Molecular Mechanisms of Nitric Oxide-Dependent Inhibition of TPA-induced Matrix Metalloproteinase-9 (MMP-9) in MCF-7 Cells

Matrix metalloproteinase-9 (MMP-9) is implicated in the invasion and metastasis of breast cancer cells. We investigated the modulatory effects of nitric oxide (NO) on the 12-O-tetradecanoylphorbol 13-acetate (TPA)-induced MMP-9 expression in MCF-7 cells. Different chemical NO donors inhibited the extracellular content of TPA-induced MMP-9 protein and MMP-9 activity as assessed by gelatin-zymography and ELISA, respectively. Concomitant with the reduction in the extracellular MMP-9 content NO strongly decreased the steady-state levels of MMP-9 mRNA which in turn leads to a lower recruitment of MMP-9 transcripts to polysomes and to a diminished MMP-9 translation.

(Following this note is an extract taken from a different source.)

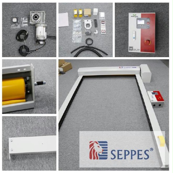 首先开箱检查配件是否齐全(每套门有5个件,其中包含控制箱1套、电机及编码器1套、门头包厢1套、轨道1套、光电及五金配件1套)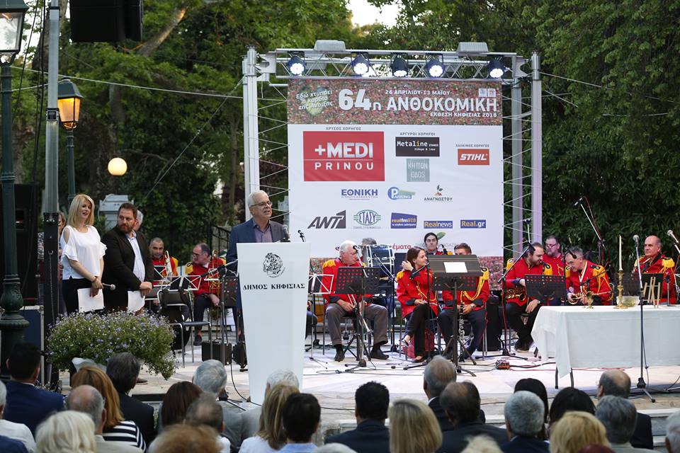 Ο Δήμαρχος Κηφισιάς Γιώργος Θωμάκος (εδώ), κατά την ομιλία του, τόνισε μεταξύ άλλων «Η Ανθοκομική Έκθεση της Κηφισιάς έχει παύσει πλέον να αποτελεί στενά και μόνο μια άριστη ευκαιρία ποιοτικής και οικονομικής επιλογής φυτών και λουλουδιών. Εκπέμπει πολλαπλά μηνύματα και μια ανανεωτική στάση ζωής: Για το περιβάλλον, Την ευζωία, Την κοινωνική αλληλεγγύη. Με έμφαση εφέτος στη συνεργασία με το Σωματείο «Όραμα Ελπίδας» για την προσέλκυση δοτών μυελού των οστών. Και συνέχισε «Ο Δήμος μας, όπως και η Έκθεσή μας, έχουν κοινά χαρακτηριστικά: Συμμέτοχη και αισιοδοξία, Ελπίδα και καινοτομία. Είμαστε δεσμός τριών πόλεων φυσικού κάλλους, βαθιάς ιστορίας και παράδοσης. Κηφισιά, Νέα Ερυθραία και Εκάλη, διασφαλίζουν μια ιδανική ισορροπία χρήσεων γης, έναν μοναδικό συνδυασμό φυσικού και δομημένου περιβάλλοντος, με τους αναγκαίους περιορισμούς και μόνιμο σεβασμό στη χρήση της κατοικίας, επιδιώκοντας ταυτόχρονα πρόσφορα σύγχρονων υπηρεσιών μαζί με ανθρωπιά και αλληλεγγύη». Αναφέρθηκε επίσης στην συστηματική προσπάθεια που γίνεται για την διατήρηση του πρασίνου στο Δήμο μας. «Η Υπηρεσία Πρασίνου διατηρεί σε πολύ καλή κατάσταση δεκάδες πάρκα, εκατοντάδες δεντροστοιχίες, ενώ προβαίνει σε αλλεπάλληλες δεντροφυτεύεις τόσο στο βουνό μας, στην Πεντέλη μας, που πάλι πρασινίζει σε συνεργασία με τον ΣΠΑΠ, όσο και σε γειτονιές του Δήμου. Παράλληλα οι δημόσιοι και κοινωφελείς χώροι μας βελτιώνονται και ενισχύονται με νέες γεωτρήσεις για το πράσινό μας, με επισκευές στις λίμνες και στα σιντριβάνια, με περιφράξεις, επισκευές και αντικαταστάσεις οργάνων στις παιδικές χαρές». Τέλος ευχαρίστησε την Πρόεδρο και το Δ.Σ. της Ανθοκομικής Έκθεσης, τους παραγωγούς, τους εκθέτες, τους χορηγούς και όσους εργάζονται για την μεγάλη γιορτή στον Δήμο μας.

Reporter gene assays revealed that the inhibition in MMP-9 expression by NO is mainly attributed to a 0.67 kb fragment of the 5'-promoter region of the MMP-9 gene but independent of the 3'untranslated region thus indicating that MMP-9 suppression by NO mainly results from transcriptional events. Electrophoretic mobility shift assays (EMSA), showed that NO specifically interferes with the TPA-induced DNA binding affinity of c-Jun and c-Fos without affecting the TPA-induced increase in the levels of the transcription factors. Using pharmacological inhibitors and small interfering (si)RNA we found that PKC delta is indispensably involved in the TPA-triggered MMP-9 expression. Concomitantly, the TPA-evoked increase in total PKC activity was strongly attenuated in the lysates from NO-treated MCF-7 cells, thus suggesting that NO attenuates TPA-triggered MMP-9 mainly through a direct inhibition of PKC delta. Modulation of MMP-9 by NO highlights the complex roles of NO in the regulation of MMP-9 in breast cancer cells.